Every policy space that we explore has inequities and racism built into it.
Harm reduction 101
Let’s start with some basics on harm reduction. This definition from the U.S. Substance Abuse and Mental Health Service Administration (SAMHSA) outlines it very clearly:
“Harm reduction is an approach that emphasizes engaging directly with people who use drugs to prevent overdose and infectious disease transmission, improve the physical, mental, and social wellbeing of those served, and offer low-threshold options for accessing substance use disorder treatment and other health care services.”[2]
In late 2021, the Biden Administration announced a grant opportunity for states, localities and organizations to support harm reduction efforts utilizing American Rescue Plan funds. President Biden has emphasized harm reduction as a part of the White House’s Office of National Drug Control Policy (ONDCP) strategy to address the ongoing opioid crisis.[3]
The harm reduction approach to people who use drugs is much more impactful, and ultimately successful in helping people connect with treatment compared to the traditional, criminalization approach that has been favored throughout the decades. And an important new element to this funding opportunity was that syringes could be purchased with federal funds, a needed policy change, to ensure that syringe services programs could distribute clean syringes as part of the overall package of services they were providing.

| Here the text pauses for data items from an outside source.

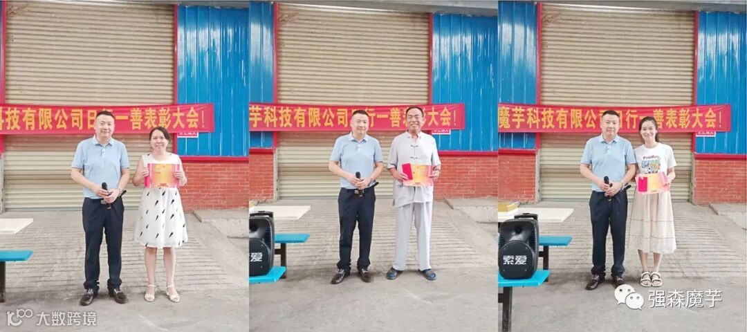 在工厂仓库门前召开“阿米巴哲学落地”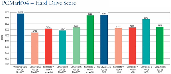 Впрочем, мы оттестировали WD4000KD в двух режимах — с NCQ и без NCQ, чтобы понять, в чем может «собака порыться». :) Напомню кратко, что суть «проблемы NCQ» в дисках WD (то есть почему компания стала поставлять большинство своих настольных дисков с отключенной NCQ, хотя номинально диски вполне способны NCQ поддерживать) заключается в том (и об этом WD прилюдно говорит в своей презентации для WD4000KD), что, например, модель WD4000KD при включении NCQ демонстрирует заметно худшую производительность в ряде «настольных» приложений и тестов, чем без NCQ: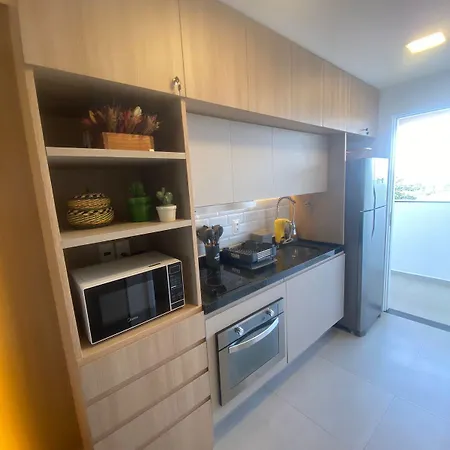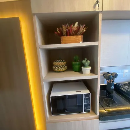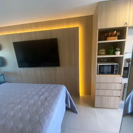 A mini-kitchen with a microwave and a fridge ensures an enjoyable dining experience. Guararapes airport is at a distance of 50 km from the 29 m^2 Flat Vip Vista Mar By La Playa Apartment.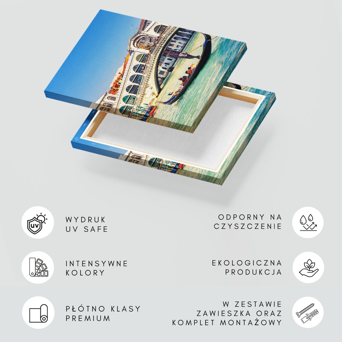 Obraz na płótnie z motywem Wenecja, gondola, most to kwintesencja estetyki i trwałości. Dzięki łatwemu montażowi i uniwersalnemu wzornictwu, czyni go idealnym wyborem zarówno do codziennego użytku, jak i na wyrafinowany prezent.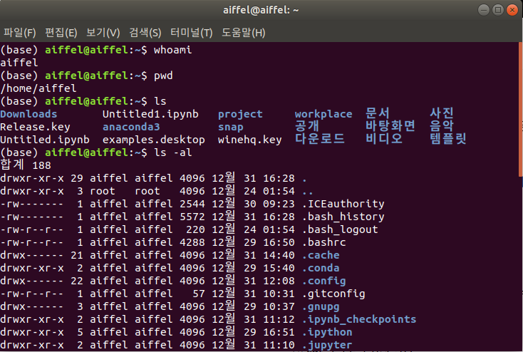 ※ cd ~: 현재 위치가 어떻든간에 항상 /home/(username)로 이동 가능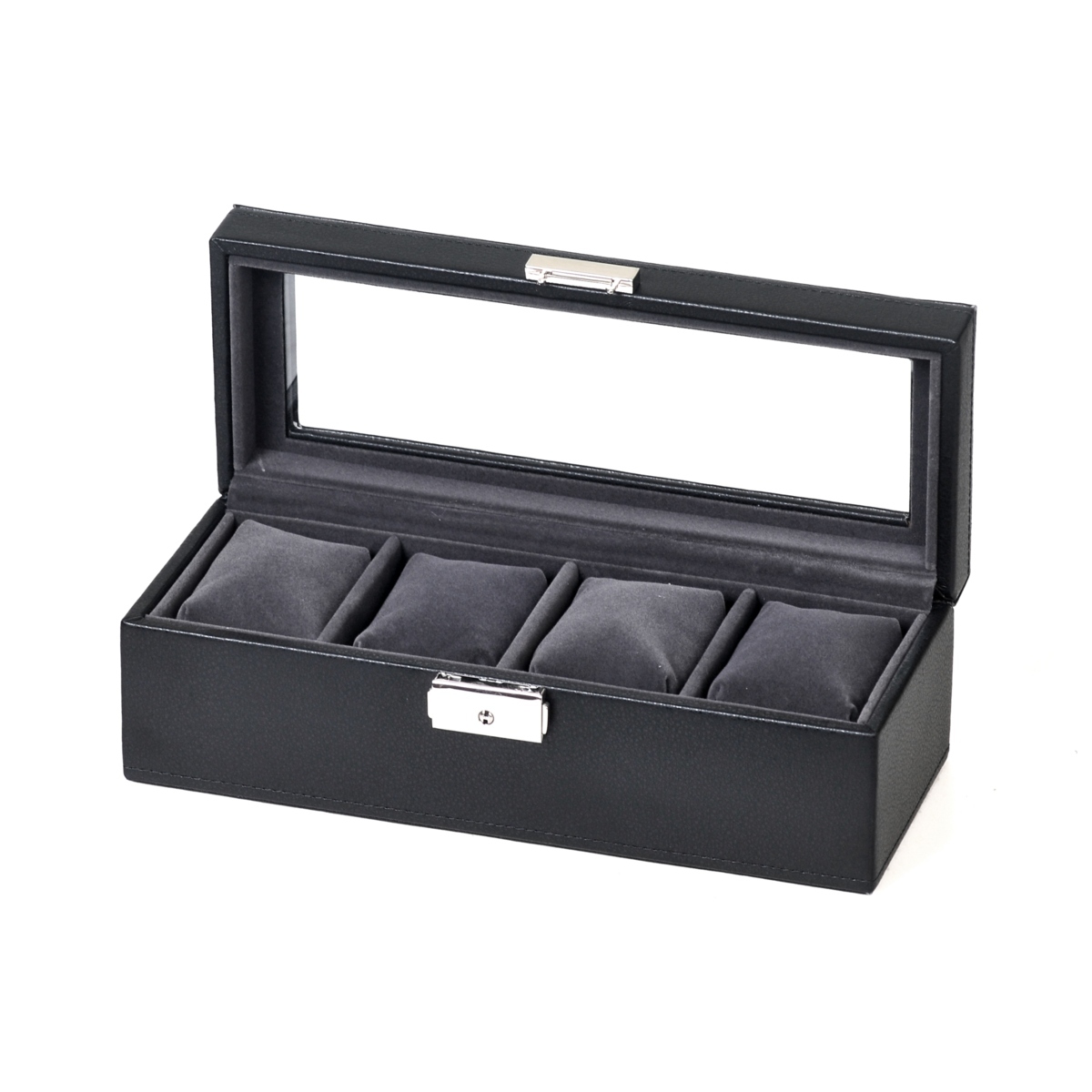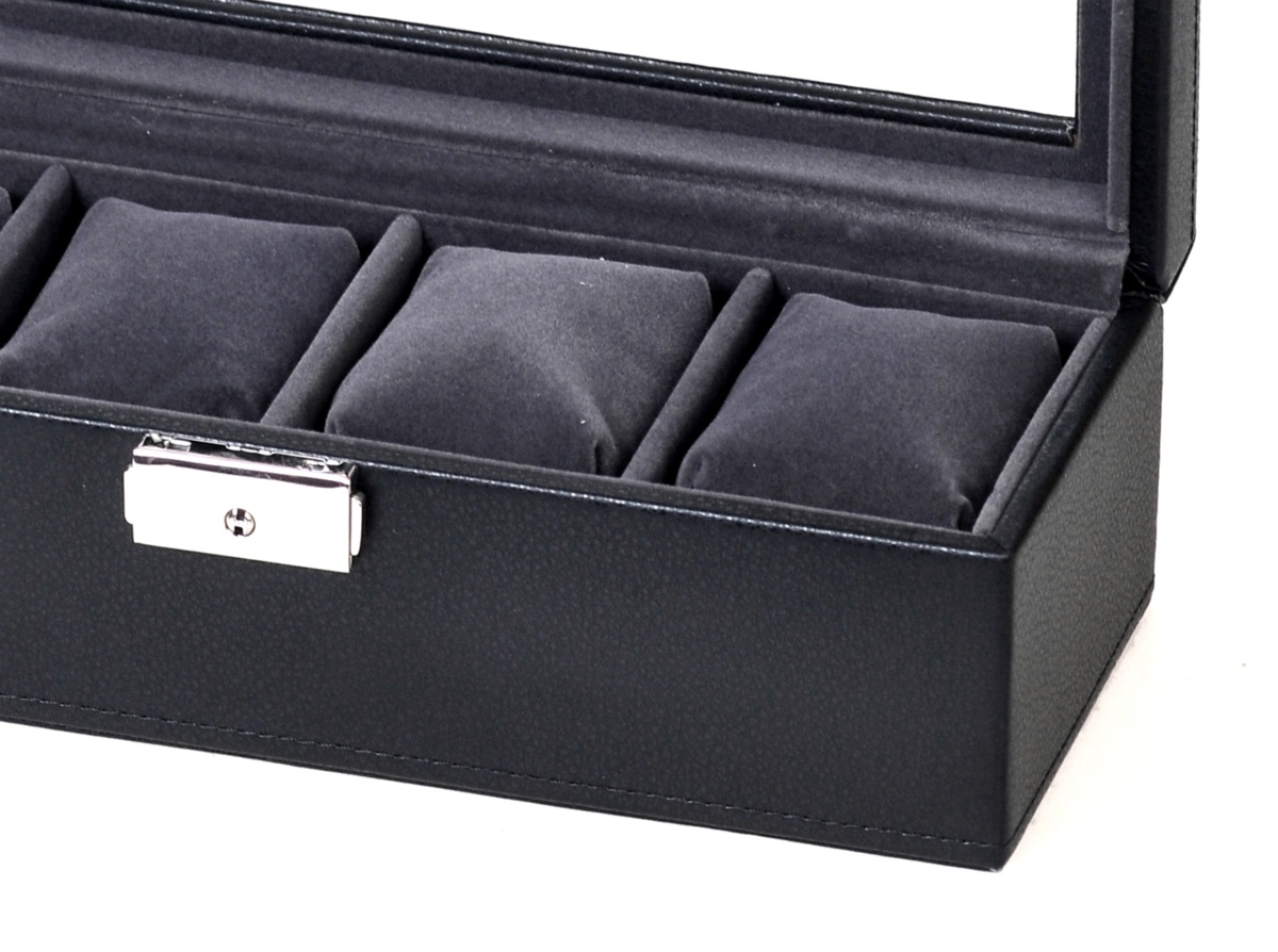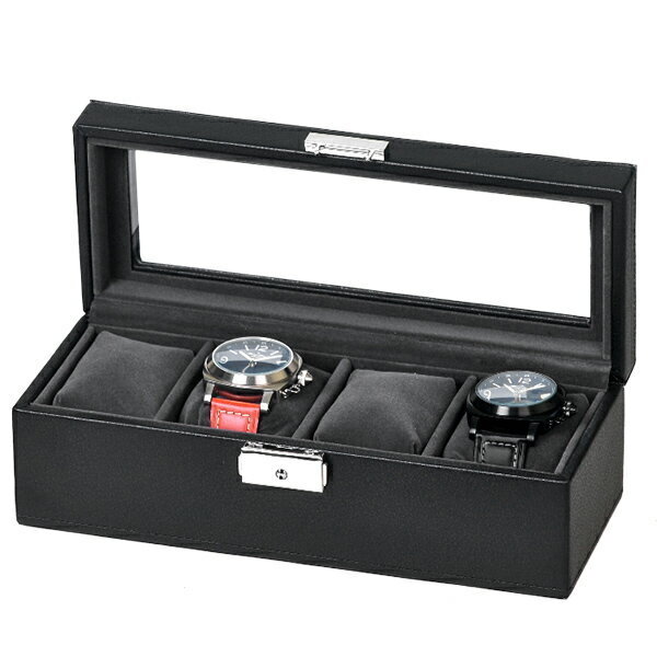 ワインディングマシーン・収納ケースにおいて 国内・海外トップクラスのシェアを誇る エスプリマ社が展開する新製品!合成皮革4本用時計収納ケースです。 低コストで量産した収納ケースとは違い、組立・素材・面取り処理が綺麗な仕上りです。 重量感のあるケース本体とブラックカラーの映えるデザインが好評。メンズ・レディースといったカテゴリーを選ばず、時計ホルダーは伸縮性のあるクッションタイプで収納スペースはメンズ・レディース問わずお使い頂けるのがポイント!天窓はガラスですので明るいお部屋ですとソーラー腕時計が充電ができるのは便利です。腕時計のプレゼントとあわせて収納ケースもプレゼントにご検討下さい。。

Biden’s needle exchange policy and the media blowback
Soon after this funding opportunity was announced, some media outlets pounced on the fact that these funds could also be used for “safe smoking kits.”[4] The grant guidelines themselves did not specify what could or would be included in the kits, but they can include supplies such as mouthpieces, lip balm, materials for filters and alcohol wipes, but are not limited to these items. This was part of an overall effort to expand allowable uses of these funds and ensure that the grantees had flexibility in their proposals to meet the needs of the communities they serve and the issues those communities were facing.

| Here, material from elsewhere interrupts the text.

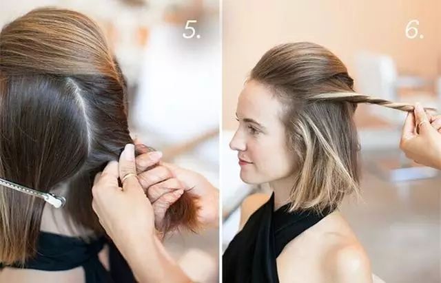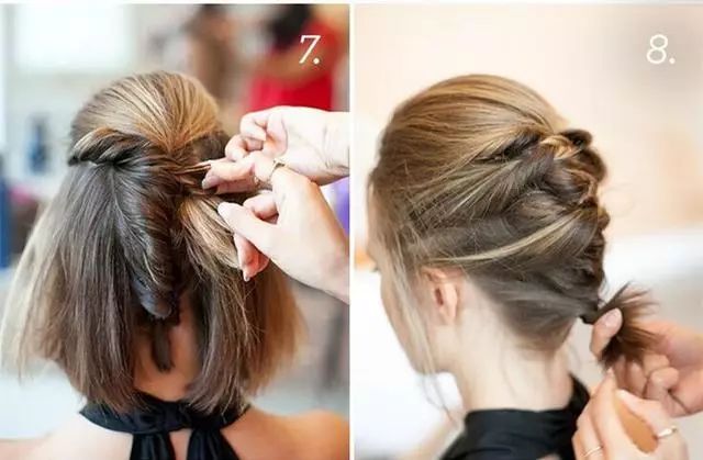 step 7:然后将旁侧缕好的头发一直拉扯到中间的那股头发,潮人必看时尚宝典aassbd,然后用发卡固定。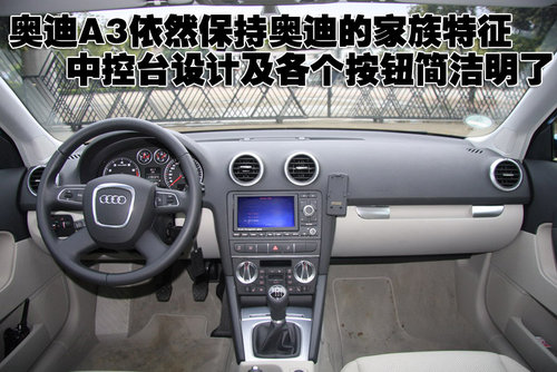 奧迪A3依然保持奧迪的家族特征,中控臺(tái)設(shè)計(jì)及各個(gè)按鈕簡潔明了。其四輻式真皮方向盤配備集成控制按鈕,而白色冷光儀表盤突出視覺效果的同時(shí),又方便駕駛員讀取信息。

The uproar over the “safe smoking kits” immediately translated into, amongst some media outlets, “the Biden Administration is distributing crack pipes.”
You can see where this is going, right? The uproar over the “safe smoking kits” immediately translated into, amongst some media outlets, “the Biden Administration is distributing crack pipes.” This is a blatantly racist dog-whistle callback to the war on drugs in the 1980s’ (and even before) that designed different penalties based on crack versus powder cocaine. Crack was tied to harsher sentences, its usage disproportionately associated with Black and brown people, while powder cocaine was more popular among affluent white people.
Black and brown people are dying by overdose at twice the rate of white people
Evidence-based harm reduction approaches shouldn’t be driven by old, bad policy and media uproar. The grantees applying for these funds are best situated to know the needs in their communities, but ultimately there were some “clarifications” issued by the Biden Administration that funds would not be used for crack pipes.
So, we’re still here, frustratingly developing policy based on stereotypes and blowback, while at the same time we are making progress in acceptance of syringe service programs and distribution of clean needles. It’s hard not to think that this growing acceptance has something to do with white people disproportionately driving overdose and death rates earlier on in the opioid crisis.
We need to take this opportunity to hold the Administration to its commitment to focus on racial equity.
The data is showing that Black and brown people are dying of drug overdoses at a growing rate, especially within the last few years.[5] A recent article in The New York Times stated that the rate of overdose deaths among Black people increased 44 percent from 2019 to 2020, twice the rate of white people. We need to take this opportunity to hold the Administration to its commitment to focus on racial equity and center what we know works to connect people who use drugs with support and treatment. Let’s not let racist stereotypes and outdated policies continue to drive how we approach public health, criminal justice and treatment for people and communities struggling with addiction.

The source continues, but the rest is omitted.